Danny G. Vandezande presented the first Desande in 1979; originally, the car was going to be named the "Desande Greta" after his wife. Vandezande felt that only a small British firm would be able to execute the bodywork to a high enough standard, although he was forced to switch manufacturers after the original company selected proved not to have the necessary expertise. In the end, production of the aluminium bodywork was carried out by Grand Prix Metalcraft in North London. GP Metalcraft had been exclusively a supplier of Formula 1 aluminium body parts but expanded to making bodywork for Cobras and other replicas after the fuel crisis placed the future of motor sports in doubt. Staff had been recruited from Vanden Plas and Rolls-Royce, and producing the 2 mm thick aluminium fender took 4 weeks, applying the multiple paint layers took 3 weeks. To further confuse matters, the company behind the car was sometimes identified as JBS Associates, Ltd., also of London.

==The car==
The Desande Roadster originally used the chassis and mechanicals from the Ford LTD II and Ford Thunderbird. This meant a 116 in wheelbase and V8 engines of 4.9 or 5.8 liters coupled to a three-speed automatic transmission. The overall length was 4960 mm and the width 1860 mm. Power from the smaller Windsor V8 was 135 PS at 3400 rpm, enough for a claimed top speed of 176 km/h. As with many other neoclassics, the car used the doors from the Austin-Healey Sprite/MG Midget.

After only a handful of Ford-based cars had been built, Desande presented the Desande II Roadster in March 1980. The name change indicated a switch to using Canadian-built Chevrolet Caprice/Impala chassis, fitted with a General Motors 5.0-liter V8 mated to a three-speed Turbo Hydra-Matic.

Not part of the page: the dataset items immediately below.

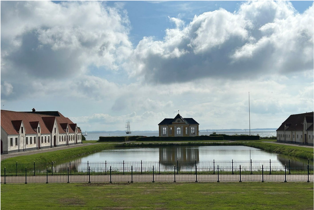
Den centrale barokhave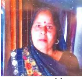
मृतका का फाइल फोटो

गांव के बाहर बने नए मकान पर जाने की बात कहकर निकली थी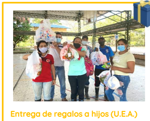
Entrega de regalos a hijos (U.E.A.)

The chassis received an additional cross brace and the engine was moved back about 2 ft. The body dimensions remained unchanged, although the wheelbase increased marginally, to 2945 mm. Power was up to 157 PS SAE at 4000 rpm, with 326 Nm SAE torque at 1600 rpm, enough to propel the 1600 kg car to a top speed of 175 km/h. The 5.0 was later supplanted by the 5.7-liter V8, reflecting changes on the Chevrolet production line.

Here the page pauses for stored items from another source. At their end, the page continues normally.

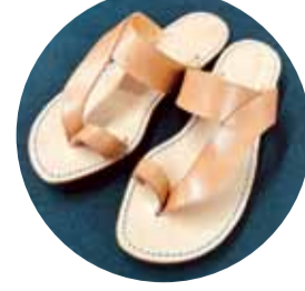
革サンダル (株)大田製靴店 松尾2-2-28 ☎860-4192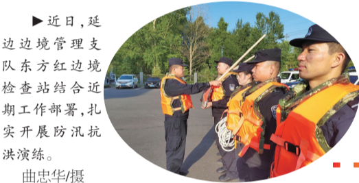
近日,延边边境管理支队东方红边境检查站结合近期工作部署,扎实开展防汛抗洪演练。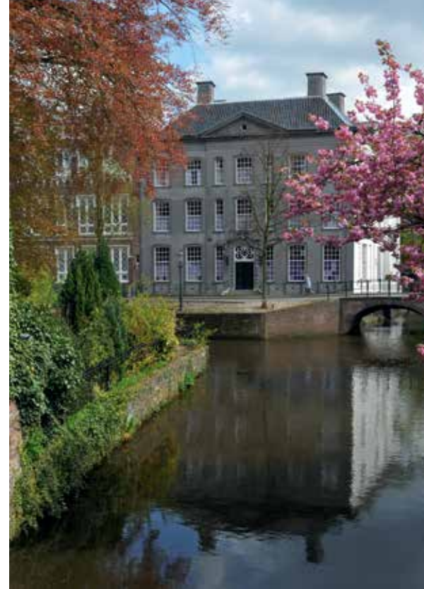
Het Huis met de Paarse Ruitjes, dat door een Duits bataljon werd vernield.

The car was always luxuriously equipped, with electrically adjustable Connolly Leather seats, climate control, walnut dashboard, and lambswool carpets. In 1980, cruise control was added. Desande introduced a coupe version at the 1981 Geneva Motor Show. At that time, cars had been exported to Chile, Malaysia, Canada, South Africa and Saudi Arabia. Electrically operated windows became available in autumn 1981. Right-hand drive was available for an additional £4,000, the price of a small car at the time. Grand Prix Metalcraft handbuilt the bodywork out of aluminium aside from the MG Midget-derived central section. The radiator cowl was made from brass while the headlight housings were spun from gilding metal. Engine specifications varied as the General Motors donor cars were changed; in a 1982 road test Desande claimed 134 hp DIN at 3400 rpm. The exterior exhaust manifolds, visible beneath the running boards were originally functional, but the heat proved problematic and caused burns. On later cars, these were replaced by dummy exhausts.

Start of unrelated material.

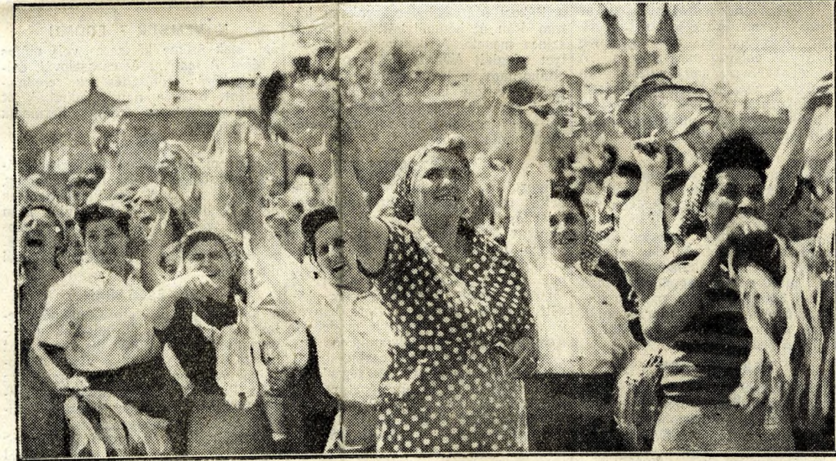
Felvonul az MNDSZ. Asszonyaink kitörő örömmel üdvözlik Rákosi elvtársat

táblát hoznak. Dülö-fülő kuláknak mutatja a táblán egy dolgozó paraszt — aki a gyár által készített rostálóval dolgozik —: „Mégis lesz liszta vetőmag!” Két hatalmas, csúf rovar hoznak a Fertőtlenítő dolgozói. Az undok férgek alatt felírás: „Truman katonái.” Mögöttük fertőtlenítő eszközökkel, fegyvelmezt sorokban jönnek a dolgozók. Felettük tábla hirdeti: „A fertőtlenítők legyőzik Truman katonáit!”

Production was limited to twenty cars per year and a maximum total of 250, with the chassis plates (a gold plated one being mounted near the door) numbered accordingly, but it is unknown how many were actually built. A planned four-seater model never materialized. Grand Prix Metalcraft was working on the fourteenth car in mid-1982, and reportedly they had built 27 examples by 1985, although at the 1985 London Motorfair in October it was announced that 18 had been built. Several sources state that production ended in 1984, but there are cars with titles as late as 1989. Later models are called Desande Caprice.